BRUSSELS (Reuters) -- Russia has pulled out of a meeting with NATO military commanders set for next month but said it would stick to plans to resume formal political ties, a Russian diplomat and a NATO spokeswoman said.
Russia's envoy to NATO warned on April 20 of a pullout if the U.S.-led alliance pressed ahead with planned exercises in Georgia, a former Soviet republic promised eventual alliance membership.
"We postponed the meeting of chiefs of staff," the Russian diplomat said, referring to a meeting scheduled for May 7 between the 28 NATO states and Russia. "We explained we should restart political dialogue before military cooperation."
NATO spokeswoman Carmen Romero said the Russian military representative had made no mention of Georgia in announcing the move. Russia fought a brief war there last August after Georgian government forces tried to retake a breakaway region that is backed by Moscow.
Russian President Dmitry Medvedev said last week that a planned land exercise in Georgia involving 1,300 NATO and partner troops from 19 countries from May 6 to June 1 could damage efforts to mend ties.
Romero said the NATO invitation to the Russian chief of staff remained open, but the Russian side had explained that Moscow preferred at this stage to proceed with reengagement with NATO at the political level.

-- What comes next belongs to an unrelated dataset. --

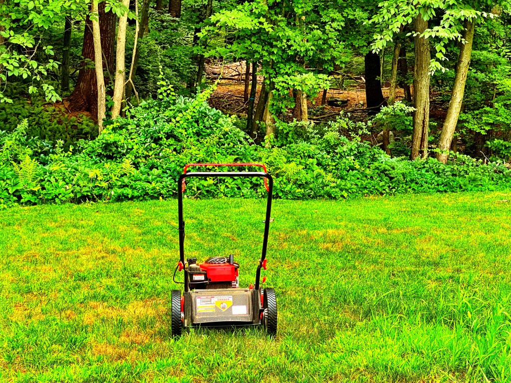 Look at fatty, getting some exercise, pushing that mower like a boss(loser).
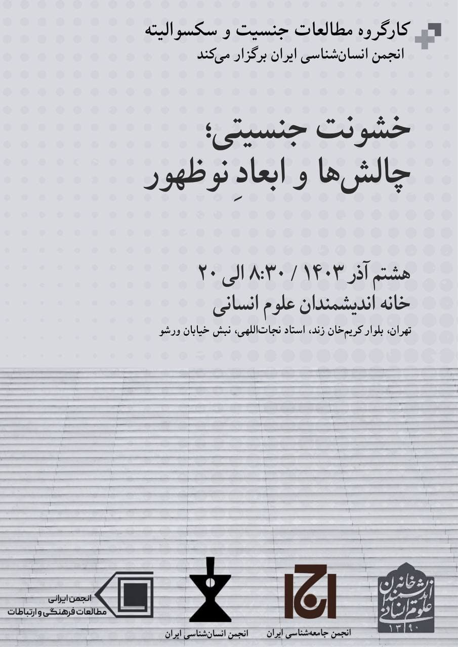 به گزارش روابط عمومی خانه اندیشمندان علوم انسانی، نشست "خشونت جنسیتی؛ چالش ها و ابعاد نوظهور" به همت انجمن انسان شناسی و با همکاری خانه اندیشمندان علوم انسانی، روز پنج شنبه 8 آذر 1403 ساعت 8:30 در سالن حافظ خانه اندیشمندان علوم انسانی برگزار می شود.

NATO froze formal relations with Russia and the work of a joint council that oversees operational matters between them in protest at Russia's intervention in Georgia last year.

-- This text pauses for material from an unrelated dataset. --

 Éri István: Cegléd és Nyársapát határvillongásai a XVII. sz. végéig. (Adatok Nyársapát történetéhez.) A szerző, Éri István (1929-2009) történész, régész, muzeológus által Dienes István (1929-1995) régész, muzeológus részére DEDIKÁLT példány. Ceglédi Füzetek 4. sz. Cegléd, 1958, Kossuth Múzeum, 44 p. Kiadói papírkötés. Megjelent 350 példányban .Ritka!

Despite persisting differences, Russia and NATO have decided to resume the work of that body as part of efforts to "press the reset button" on ties with the arrival of U.S. President Barack Obama in office.
The council's first formal ambassadorial meeting since the resumption in ties is scheduled for April 29 and a ministerial meeting is planned for May 19.
NATO says the scenario for the planned exercise will be a fictitious UN-mandated, crisis-response operation and poses no security threat to Russia.
Russia has been greatly angered by NATO's offer of eventual membership for Georgia, seeing the ex-Soviet country as part of its sphere of influence. It describes the exercises as NATO support for Georgia, a crucial transit route for Caspian Sea oil and gas to Europe, and long controlled by Moscow.